■ Records from a data collection ■
[Start of Attachment]

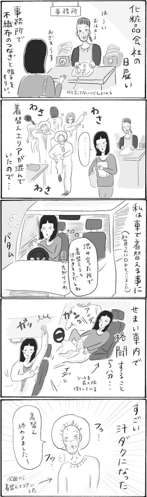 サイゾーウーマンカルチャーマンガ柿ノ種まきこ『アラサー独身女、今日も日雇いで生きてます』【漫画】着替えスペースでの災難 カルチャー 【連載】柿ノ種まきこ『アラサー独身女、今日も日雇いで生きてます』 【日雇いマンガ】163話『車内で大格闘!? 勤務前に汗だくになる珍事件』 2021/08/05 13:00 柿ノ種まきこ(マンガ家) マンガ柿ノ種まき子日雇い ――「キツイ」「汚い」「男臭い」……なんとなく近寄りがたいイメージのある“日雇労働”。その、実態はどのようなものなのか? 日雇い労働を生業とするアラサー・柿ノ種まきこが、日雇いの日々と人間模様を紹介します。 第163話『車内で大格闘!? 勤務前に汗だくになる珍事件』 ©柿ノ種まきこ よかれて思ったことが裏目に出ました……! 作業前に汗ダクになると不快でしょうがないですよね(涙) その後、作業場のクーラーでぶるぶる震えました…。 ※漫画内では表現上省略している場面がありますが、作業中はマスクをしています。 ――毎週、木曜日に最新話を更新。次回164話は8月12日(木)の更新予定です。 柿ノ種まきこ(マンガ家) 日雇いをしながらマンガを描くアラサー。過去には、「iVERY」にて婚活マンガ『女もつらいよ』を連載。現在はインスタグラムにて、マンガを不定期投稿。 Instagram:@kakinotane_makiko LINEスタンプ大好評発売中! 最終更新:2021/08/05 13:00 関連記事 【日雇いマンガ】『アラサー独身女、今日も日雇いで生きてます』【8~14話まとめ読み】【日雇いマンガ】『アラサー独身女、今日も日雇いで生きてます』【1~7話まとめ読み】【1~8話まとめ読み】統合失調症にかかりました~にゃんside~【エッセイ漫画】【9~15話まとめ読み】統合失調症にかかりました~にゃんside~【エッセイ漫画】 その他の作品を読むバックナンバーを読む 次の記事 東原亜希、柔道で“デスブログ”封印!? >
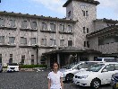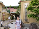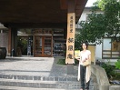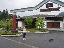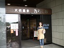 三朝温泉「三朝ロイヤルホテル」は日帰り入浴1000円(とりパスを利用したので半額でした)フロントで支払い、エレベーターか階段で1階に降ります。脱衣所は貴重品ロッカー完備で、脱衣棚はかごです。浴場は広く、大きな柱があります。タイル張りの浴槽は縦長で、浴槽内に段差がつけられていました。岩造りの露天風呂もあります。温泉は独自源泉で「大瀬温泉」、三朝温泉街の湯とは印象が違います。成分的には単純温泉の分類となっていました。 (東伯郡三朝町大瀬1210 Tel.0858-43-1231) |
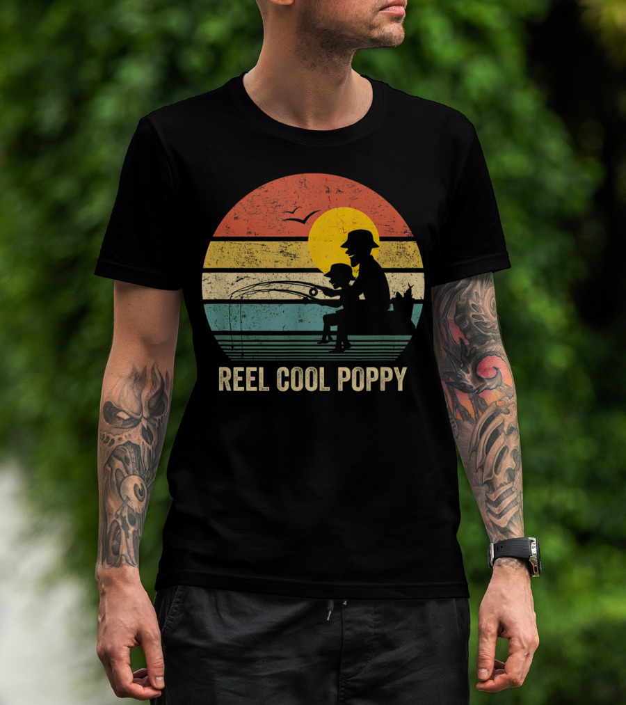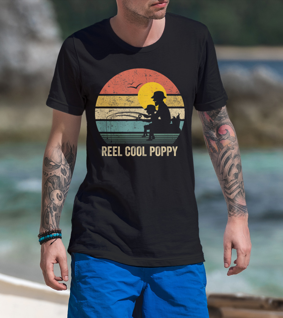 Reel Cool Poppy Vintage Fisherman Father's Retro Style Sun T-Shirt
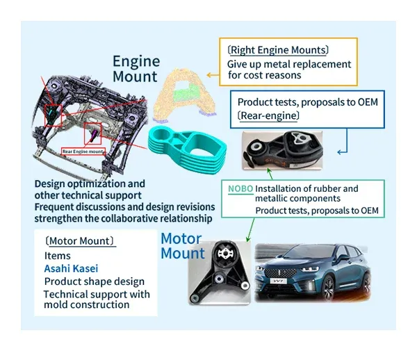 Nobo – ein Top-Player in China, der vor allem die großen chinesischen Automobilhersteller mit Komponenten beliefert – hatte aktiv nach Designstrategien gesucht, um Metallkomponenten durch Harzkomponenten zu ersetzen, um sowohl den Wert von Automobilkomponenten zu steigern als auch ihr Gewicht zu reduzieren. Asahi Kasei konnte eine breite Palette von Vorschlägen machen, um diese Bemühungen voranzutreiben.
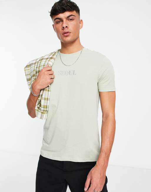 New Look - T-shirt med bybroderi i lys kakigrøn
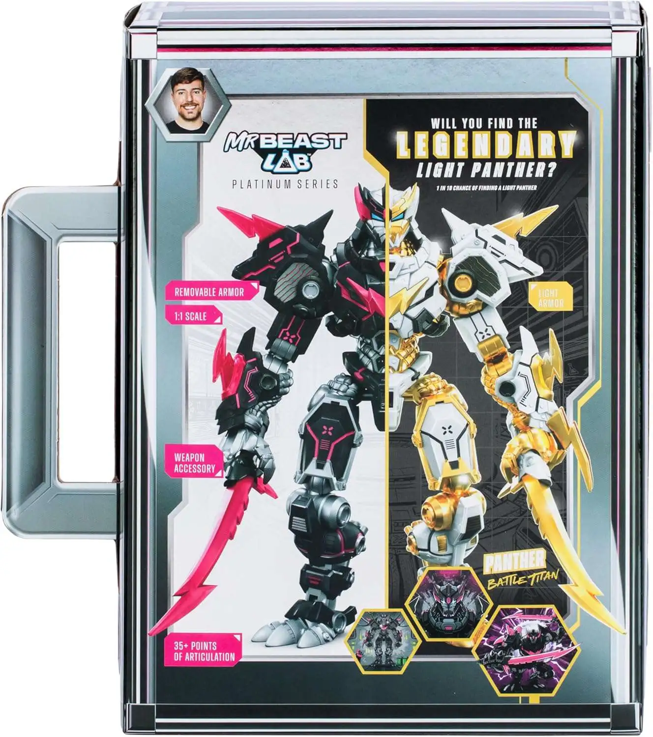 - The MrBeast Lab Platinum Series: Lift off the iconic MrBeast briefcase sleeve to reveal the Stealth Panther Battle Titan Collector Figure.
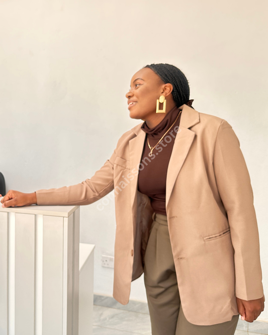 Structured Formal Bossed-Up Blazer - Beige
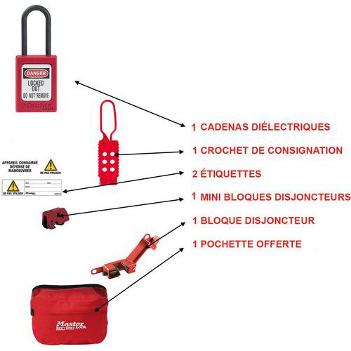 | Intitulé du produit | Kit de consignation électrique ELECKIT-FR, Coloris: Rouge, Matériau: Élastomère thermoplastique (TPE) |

[End of Attachment]

■ Your task ■
With the pictures excluded, transcribe word for word only the lines from the one containing "Structured Formal Bossed-Up Blazer - Beige" through the last line of the records.

■ Expected answer ■
 Structured Formal Bossed-Up Blazer - Beige
 | Intitulé du produit | Kit de consignation électrique ELECKIT-FR, Coloris: Rouge, Matériau: Élastomère thermoplastique (TPE) |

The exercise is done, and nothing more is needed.